Recreation and Bonding... Spending time with friends, ALWAYS A GOOD PAST-TIME. It was really great to really start to get to know everyone. Coming into rehearsals after things had seemed to start getting settled was kind of a bummer, though it was probably good for me (hind sight is fun) And with my running between rehearsals and Joffrey it seemed to only add to the distance between myself and everyone else. It's nice to grow closer with everyone. We're a very eclectic group, but I feel we fit together very well (good job Nejla). I put recreation and bonding together because I feel that that's how it happened. During the recreation is when the bonding occurred. Again, I could list the recreations... dinner, dancing, drinking (and other non-D words)... but that seems a tad unnecessary. Those who were there know what happened, and those who were not need only know the result... A closer relationship as a company. In my opinion.
"Work"shop... The classes, rehearsals, discussions, shoots, showings. All of it was AWEsome. Again, being my first time experiencing something of that... caliber?... such a feeling of satisfaction, and again... AWE. "I DID THAT!" I could say at the end of the day. I worked hard and enjoyed myself.
Yup, it was real... There was an overall disbelief that it was all actually happening. I think with the combination of "Day Melting" and "First Timing" made it all seem slightly dreamlike. But it did happen, and it was an amazing experience.

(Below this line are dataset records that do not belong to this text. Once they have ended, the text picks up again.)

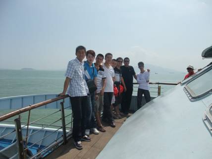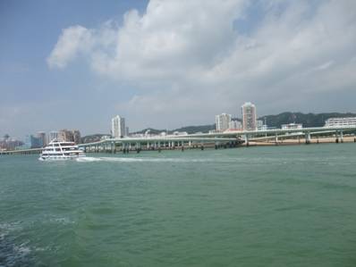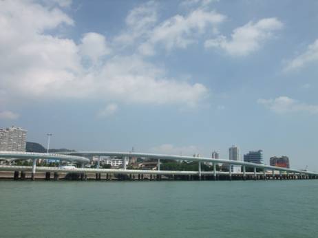 金門島游輪合影 次日,乘坐游輪環(huán)游小金門島再次經(jīng)過演武大橋,立于船頭遙望廈門市區(qū),只見大橋迎面聳立海上,與夜景絕然不同,她與岸同高, 呈S形的路段環(huán)繞著廈門大學(xué)的海景房,流線型的梁體緩緩延伸,波浪似地起伏著;遠(yuǎn)遠(yuǎn)看去,如長(zhǎng)龍臥波,欲騰空而起,細(xì)看時(shí) 又似展翅飛翔的白鷺,躍出水面的白鰭豚,簡(jiǎn)捷流暢的線條,精美靈動(dòng)的造型,給人以強(qiáng)烈的視覺美感。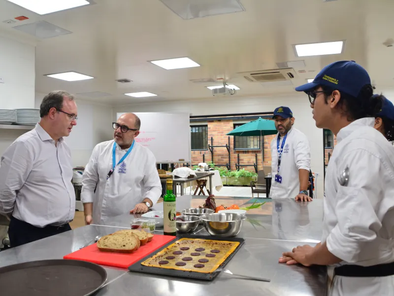 Asimismo, señaló que uno de los muchos programas en común que fue de mayor interés es el de gastronomía, ya que es bastante parecido al de Comillas. Esto, lo menciona como resultado de su paso por los laboratorios de gastronomía de la universidad, donde un grupo de estudiantes preparó una degustación de platillos elaborados con productos locales.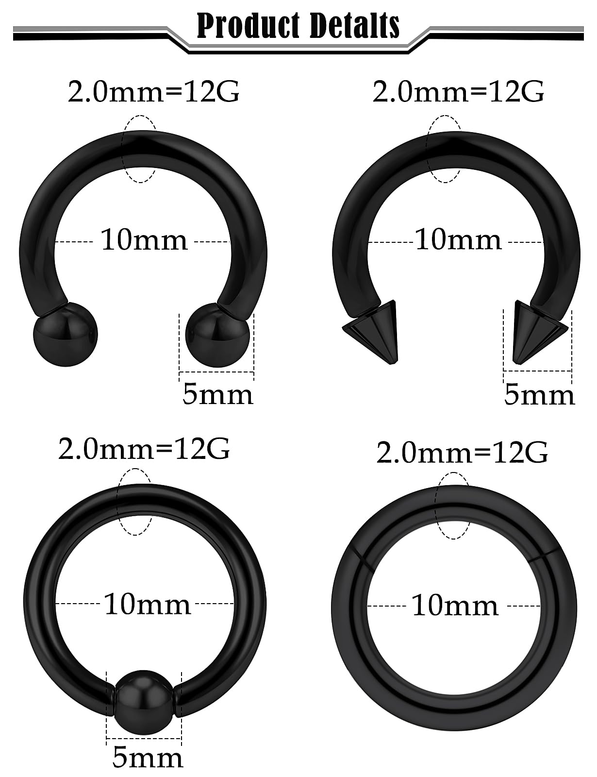 Gauges Earrings Size Specification: 12 Gauge=2mm, Diameter is 3/8"(10mm),Ball Size are 4mm.Hinged Clicker Rings Diameter is 3/8"(10mm),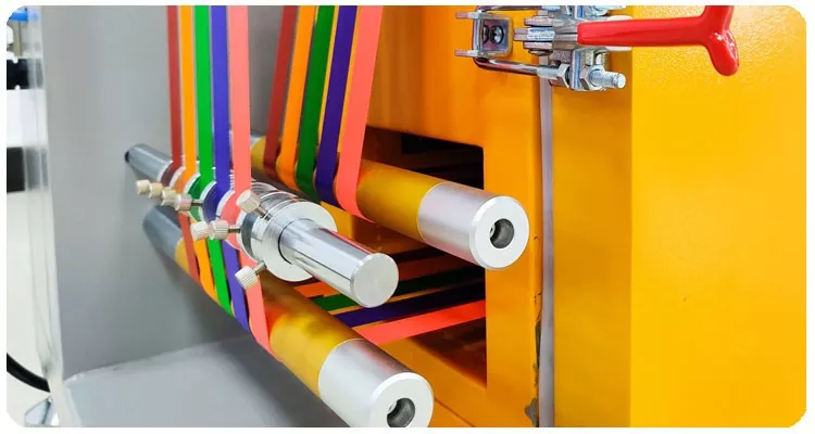 रिबन पर अलग-अलग पैटर्न या लोगो प्रिंट करने के लिए स्क्रीन फ्रेम बदल सकते हैं। मुद्रण करते समय स्क्रीन फ्रेम स्नैप-ऑफ मोड होता है, जिसे विभिन्न स्याही के साथ मुद्रण पर लागू किया जा सकता है।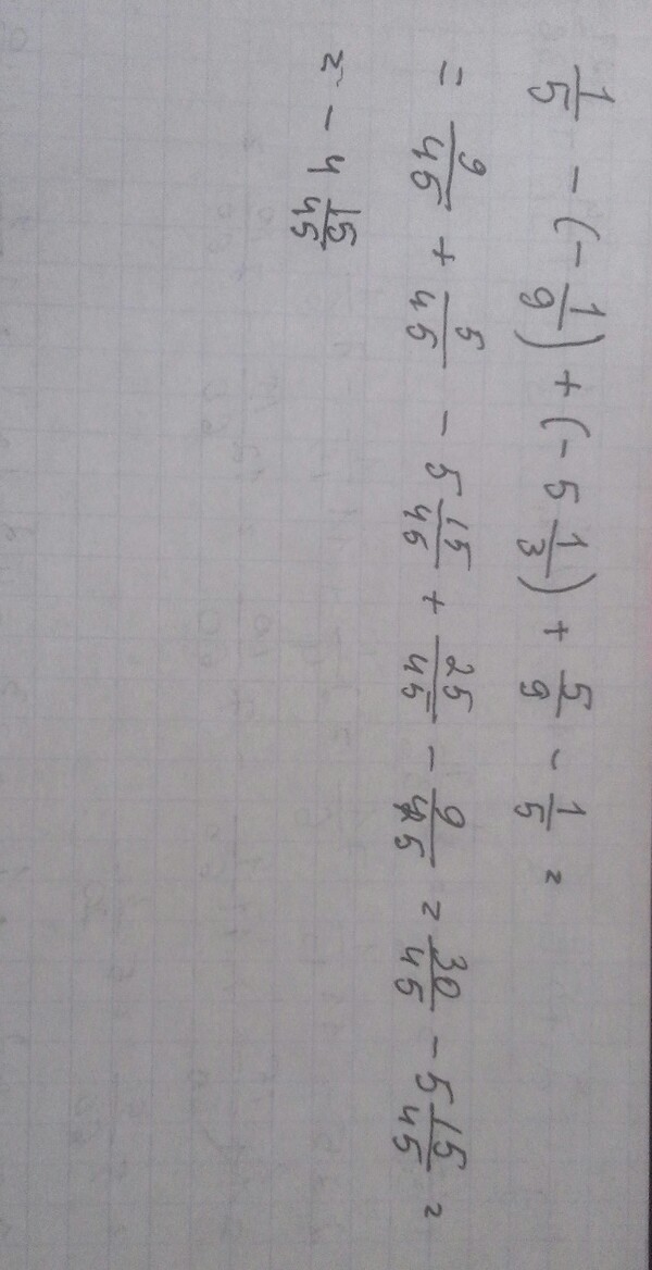-5целых 1/45+5/9= -4целых 7/15

When people asked me before I left if I was excited I would say "no". At first I think it was fear. All these firsts, all these unknowns... slightly frightening. But fear is a funny thing. I find that if you don't let it take over, after it subsides, what's left? Anticipation. Which is all fear is, anticipation that something "bad" is going to happen. But on the other side of that coin is... well I don't have a word for you, so you can call it whatever you'd like, but you get the idea (I hope)... there's one for ya, "hope". So after the fear was gone the answer was still "no" when people wold ask, but there wasn't any negativity with it. I wasn't excited because, to me, it was "just happening", I was interested to see what would come next, but not excited. With excitement you sometimes set yourself up for a "let down", which can be a bummer. But with no expectations there are no let downs. And I think starting off this Amazing Journey with that outlook is what set the stage to allow everything to fall into place.